It is evident that the Italian Government is determined, at whatever the cost in men and money, to force big concessions from the independent State of Abyssinia, including, no doubt—if things go according to the Italian plans—the annexation of a large part of Abyssinian territory and the establishment of some form of close control over the remainder of the country. Why Mussolini's Government is prepared to go to war can be explained on the usual grounds. Notwithstanding the Fascist promise of a new economic system, Italian industry is carried on for profit in competition with the rest of the capitalist world, and Italy's lack of raw materials in her own territory or colonies places her capitalists at a disadvantage in the scramble for profit. Abyssinia is coveted because, among other attractions, it would provide a market for Italian goods and cheap supplies of raw cotton, which would free Italian capitalists from the need to import from America. The excuse is often used by the Great Powers when annexing the territories of native races that the backwardness of the latter is withholding from the civilised world much-needed sources of supply, without any advantage to the natives themselves. In the war to conquer Abyssinia that excuse cannot very well be used. Nobody can argue that the outside world is being hampered by scarcity of cotton. On the contrary, one of the outstanding features of the depression has been the vast over-production of cotton in many parts of the world, and the expensive official schemes for destroying and restricting cotton crops. In short, the motive which sends a gigantic military force into Abyssinia is not economic, in the sense of a genuine need of the human race, but is purely capitalistic, the lust for profit in a world divided into antagonistic capitalist-national groups. So, if Italy wins and further develops cotton-growing there, the next world economic crisis will very probably see the Italian Government restricting the production of that article, after sacrificing lives innumerable to make the development possible. Other attractions in Abyssinia are gold, rubber, copper, potash, and platinum.
Unrest in Italy
There are other reasons also. The early enthusiasm for Fascism began long ago to wear off, and there have recently been reports of strikes and demonstrations, including some against the threatened war. Poverty and unemployment for the workers are the order of the day under the Fascist flag, as under all others, and faced with discontent, Mussolini, like many a doomed dictator before him, is grasping at military glory as a means of regaining popular support. Naturally, he pretends otherwise, and claims that all but a tiny majority of the Italian population are behind him. Nevertheless, according to the Geneva correspondent of the Daily Telegraph (July 17th), he takes the precaution of imposing a much more drastic control of the frontier passes leading into Switzerland, with the two-fold object of preventing the escape of men who do not want to fight and of preventing the importation of anti-war and anti-Fascist propaganda leaflets and journals.
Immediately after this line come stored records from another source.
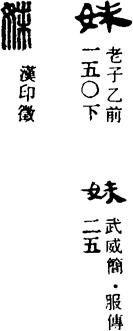 殷墟甲骨文《合集》三八一九一:“妹延雨。”《合集》三八二〇二:“妹其霋(霽)。”《前》二·三九·二:“妹其餗。”《卜》七六九:“妹其工典。”妹讀為昧,《説文》:“昧,昧爽,旦明也。从日,未聲,一曰闇也。”
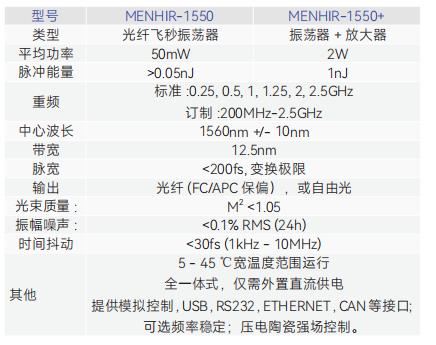 無論是實(shí)驗(yàn)室自搭,建還是高科技公司商品化的基于鎖模飛秒激光器的光頻梳,其飛秒激光器部分都是整個(gè)光梳系統(tǒng)內(nèi)硬件成本占比最高的部分。其中瑞士Menhir公司的GHz重復(fù)頻率的光纖飛秒激光器在搭建GHz大梳齒間隔的光頻梳應(yīng)用上為廣大科研以及OEM用戶所接受與推崇。其常用產(chǎn)品分為250MHz,1GHz,2.5GHz三種重復(fù)頻率的型號,波長在1545-1565nm,脈沖寬度250fs; 重復(fù)頻率越高價(jià)格越高。
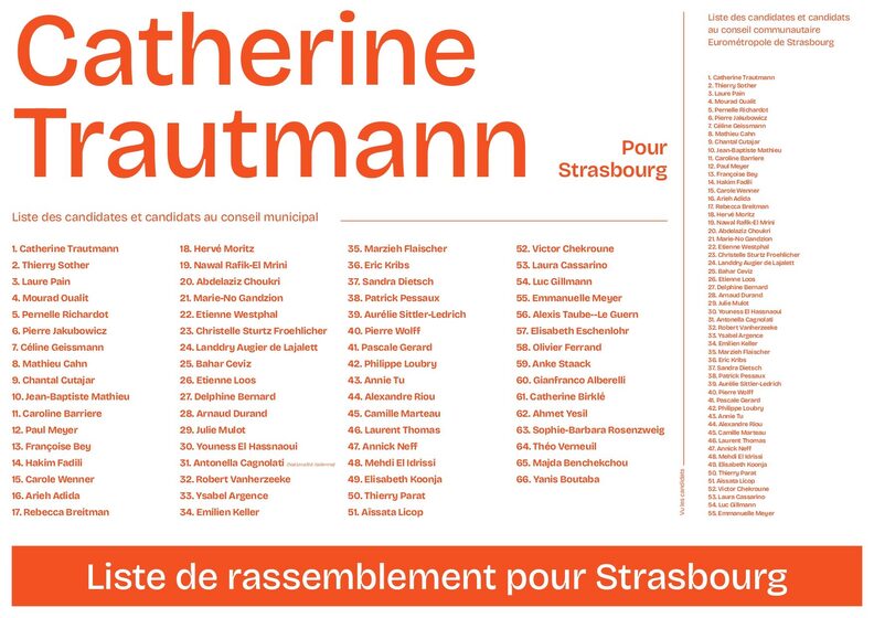 Au final, six candidats de Strasbourg on y croit rejoignent la liste Pour Strasbourg : Pierre Jakubowicz (6e), Rebecca Breitman (17e), Étienne Loos (26e), Mehdi El Idrissi (48e), Sandra Dietsch (37e) et Alexis Taube-le-Guern (56e).
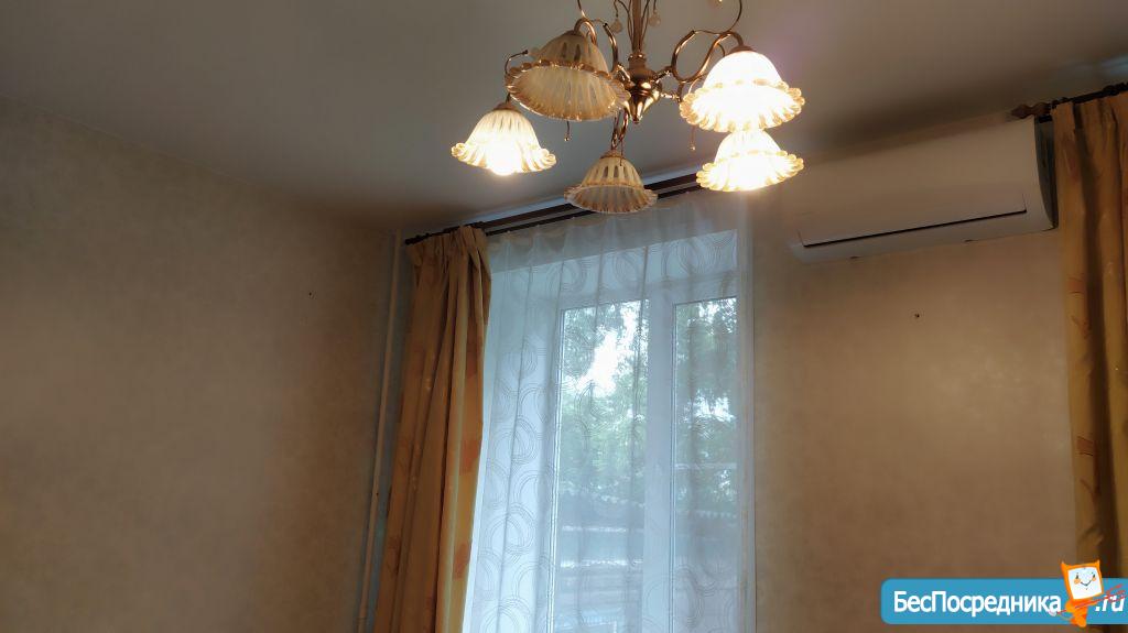 В квартире выполнен косметический ремонт, выделены зоны для отдыха и работы, заменена сантехника и электрика. Есть бойлер, холодильник, кондиционер, кухонный гарнитур, плита с духовкой, микроволновая печь, шкаф, диван и два кресла.

From a military point of view, while all the advantages of money and armaments are with the Italian forces, the deserts and mountainous country will be comparatively easy to defend, and the weather will be against the invaders. While opinion generally is that in time Abyssinia would be crushed, the task may prove so slow and costly that the Italian capitalists may well come to regard Mussolini as an expensive luxury. According to Mr. Vernon Bartlett (News-Chronicle, July 25th), "It is true—even though it be denied—that exactly a year ago important Army officers were alarmed to learn that Signor Mussolini contemplated an Abyssinian campaign .... They advised against it, a commission on the spot advised against it . . ."
The defeat of an Italian force by the Abyssinians at Adowa in 1896 led to the overthrow of the then Italian Premier, Crispi. Will history repeat itself ?
Something Rotten in the State of Abyssinia
Mussolini's appeals to the Italian workers to sacrifice their lives in a quarrel which does not concern them are paralleled by those of Emperor Haile Selassie. Although the country has made only small advances towards capitalist industrialism, and that only in limited areas, it has its evils no less than those of the capitalist Powers. Chattel slavery still exists, and is only slowly giving place to wage-slavery. There is desperate poverty on the one hand, face to face with the wealth and power of the ruling class on the other. It is true, as the Emperor says, that "throughout their history they have seldom met with foreigners who did not desire to possess themselves of Abyssinian territory, and to destroy their independence," but independence means no more to the subject class in Abyssinia than it does elsewhere. Moreover, much of the tribal territory held by Abyssinia was grabbed by the Emperor's predecessors, and is now held by force against the wishes of the local population. It is one of the ironies of the situation that just as Mussolini is afraid of discontented workers at his back, so the Emperor has to take extreme precautions that the arms he imports do not on the way fall into the hands of his own unwilling subjects, who would use them to revolt against him.
Haile Selassie's command over the kind of phrases to delude his subjects into fighting their masters' wars is hardly less than that of Mussolini himself: "He who dies for his country is a happy man"—" It is better to die free than live as slaves" (a little inappropriate perhaps in a country where there are many slaves)—"God will be your shield. United with God, our ramparts and our shields will face to-morrow's invader with confidence. . . . Your sovereign will be in your midst and will not hesitate to shed his blood for Ethiopia. If no peaceful solution is found, Ethiopia will struggle to the last man for existence."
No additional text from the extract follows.